# Task requirements
Write out every record below exactly, leaving the pictures out.

┌─ Working data

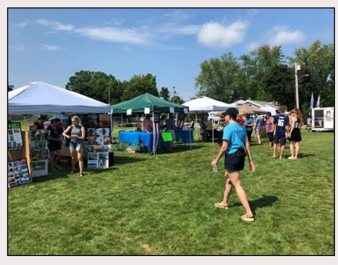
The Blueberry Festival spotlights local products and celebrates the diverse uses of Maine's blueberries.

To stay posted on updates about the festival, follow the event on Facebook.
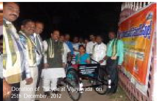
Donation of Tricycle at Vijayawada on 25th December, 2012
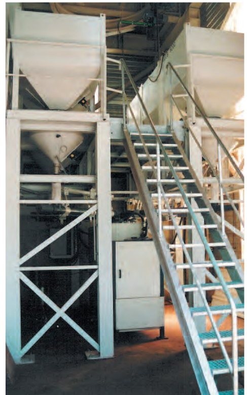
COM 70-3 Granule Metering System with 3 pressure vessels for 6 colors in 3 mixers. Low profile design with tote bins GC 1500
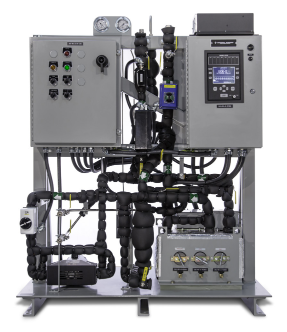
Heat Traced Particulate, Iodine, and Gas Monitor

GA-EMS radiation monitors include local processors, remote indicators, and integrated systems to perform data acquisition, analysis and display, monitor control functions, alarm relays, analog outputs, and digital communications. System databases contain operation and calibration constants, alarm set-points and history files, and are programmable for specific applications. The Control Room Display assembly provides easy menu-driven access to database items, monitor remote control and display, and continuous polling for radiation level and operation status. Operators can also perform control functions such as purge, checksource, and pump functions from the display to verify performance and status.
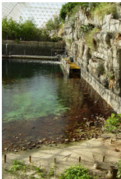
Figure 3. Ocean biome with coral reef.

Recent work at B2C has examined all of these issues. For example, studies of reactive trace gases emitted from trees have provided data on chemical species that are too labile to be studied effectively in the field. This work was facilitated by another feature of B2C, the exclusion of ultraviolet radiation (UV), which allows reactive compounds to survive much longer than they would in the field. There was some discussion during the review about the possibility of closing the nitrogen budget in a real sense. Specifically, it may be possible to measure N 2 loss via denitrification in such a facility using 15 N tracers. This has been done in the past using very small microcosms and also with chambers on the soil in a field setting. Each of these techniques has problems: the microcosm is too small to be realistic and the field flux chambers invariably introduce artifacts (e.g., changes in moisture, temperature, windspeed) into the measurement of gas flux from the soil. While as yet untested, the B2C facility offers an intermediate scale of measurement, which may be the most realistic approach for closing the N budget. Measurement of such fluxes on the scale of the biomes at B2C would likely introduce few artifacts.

└─

# Answer box
The Blueberry Festival spotlights local products and celebrates the diverse uses of Maine's blueberries.

To stay posted on updates about the festival, follow the event on Facebook.
Donation of Tricycle at Vijayawada on 25th December, 2012
COM 70-3 Granule Metering System with 3 pressure vessels for 6 colors in 3 mixers. Low profile design with tote bins GC 1500
Heat Traced Particulate, Iodine, and Gas Monitor

GA-EMS radiation monitors include local processors, remote indicators, and integrated systems to perform data acquisition, analysis and display, monitor control functions, alarm relays, analog outputs, and digital communications. System databases contain operation and calibration constants, alarm set-points and history files, and are programmable for specific applications. The Control Room Display assembly provides easy menu-driven access to database items, monitor remote control and display, and continuous polling for radiation level and operation status. Operators can also perform control functions such as purge, checksource, and pump functions from the display to verify performance and status.
Figure 3. Ocean biome with coral reef.

Recent work at B2C has examined all of these issues. For example, studies of reactive trace gases emitted from trees have provided data on chemical species that are too labile to be studied effectively in the field. This work was facilitated by another feature of B2C, the exclusion of ultraviolet radiation (UV), which allows reactive compounds to survive much longer than they would in the field. There was some discussion during the review about the possibility of closing the nitrogen budget in a real sense. Specifically, it may be possible to measure N 2 loss via denitrification in such a facility using 15 N tracers. This has been done in the past using very small microcosms and also with chambers on the soil in a field setting. Each of these techniques has problems: the microcosm is too small to be realistic and the field flux chambers invariably introduce artifacts (e.g., changes in moisture, temperature, windspeed) into the measurement of gas flux from the soil. While as yet untested, the B2C facility offers an intermediate scale of measurement, which may be the most realistic approach for closing the N budget. Measurement of such fluxes on the scale of the biomes at B2C would likely introduce few artifacts.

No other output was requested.